Another central question to this study concerns the specific gene modifications that occur in humans. To target those modifications and understand their function, we need the capacity to interact with them specifically, and this became possible with CRISPR-Cas technology. Being here at the Life Sciences Center is a unique setting for this type of project because we will be able to use new genome editing tools to target specific genome changes that happened when humans developed as a species, to understand how they changed the glycocalyx and how changes in the glycocalyx change how our brain forms.
So, you can see how this project not only creates the opportunity for co-creation with external labs but also within our own Center. Having such a fantastic international team here within VU LSC-EMBL Partnership Institute, also makes a huge difference. My colleagues such as Dr. Steve Jones and Dr. Patrick Pausch, who both develop gene editing technologies, and were also recipients of ERC grants, are a great sounding board as well as invaluable support.

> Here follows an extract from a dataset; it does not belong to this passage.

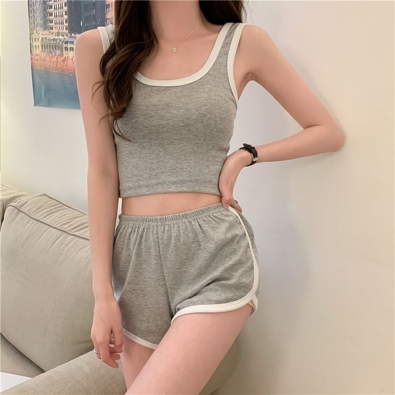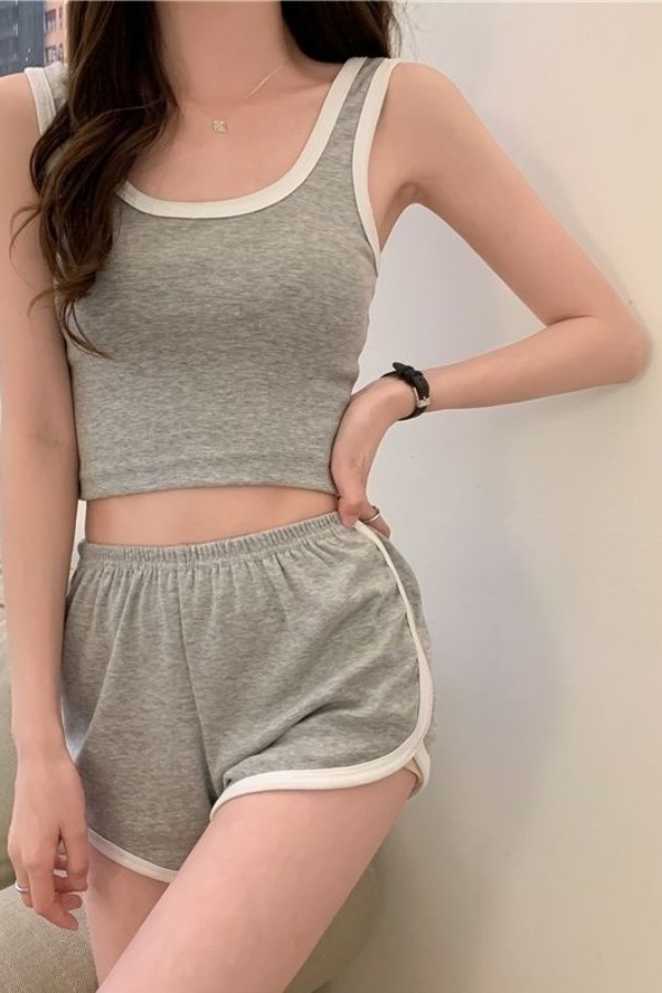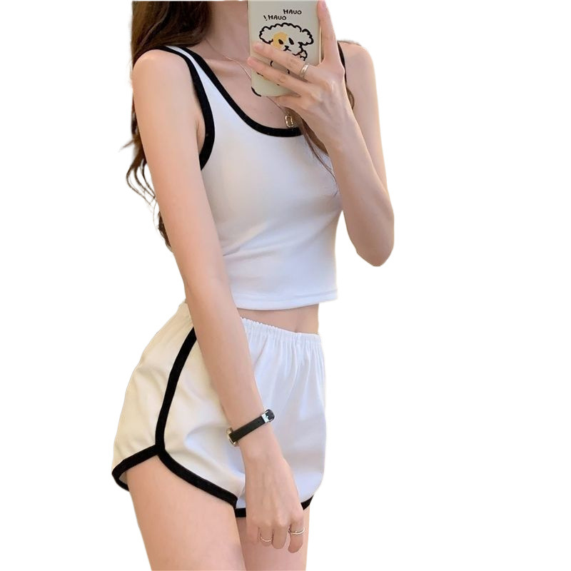Color: [Single-strap Capri Pants + Tank Top] Black Set, [Single-strap Capri Pants + Tank Top] White Set , [Single-strap Capri Pants + Tank Top] Gray Set

It would appear that EMBL has been a successful venture in as much as it has been able to secure a steady flow of prestigious funding within its short life?
You could say that. There have been six ERC grants in Lithuania in total until now. Four of them have been at the Life Sciences Center, and three of them have been in the past three years within the Partnership Institute. This essentially shows that this type of collaboration as a Partnership Institute—which is costly and requires significant installation grants to establish the groups—actually brings more money back. And it not only gives back in terms of luring significant funding. It provides new technologies and new therapies—that’s the only way to develop them. If we only talk about genome editing, for example, we can now treat sickle cell anemia and thalassemia. There was a recent case where a genome editing tool was developed specifically for a child with a liver disorder—a baby in the UK. Essentially, we see it benefits everyone.
Do you have any final thoughts?
Lithuania has shown time and again that it has the strength, first of all, to dream, but then to do the work to make those dreams a reality. We see this looking all the way back to the restoration of independence. After all, we’ve gone from almost nothing to being one of the most successful economies in the EU in a space of 30 years. Think of basketball, our startups like Vinted and Nord VPN, even just our capital and how it has remade itself as a thoroughly contemporary and bustling centre. Here at VU LSC-EMBL Partnership Institute, we are now part of that narrative, and with our international team, we are showing how global we are not only in aspiration, but also world-class as an attractor of talent and ideas that will have a global impact.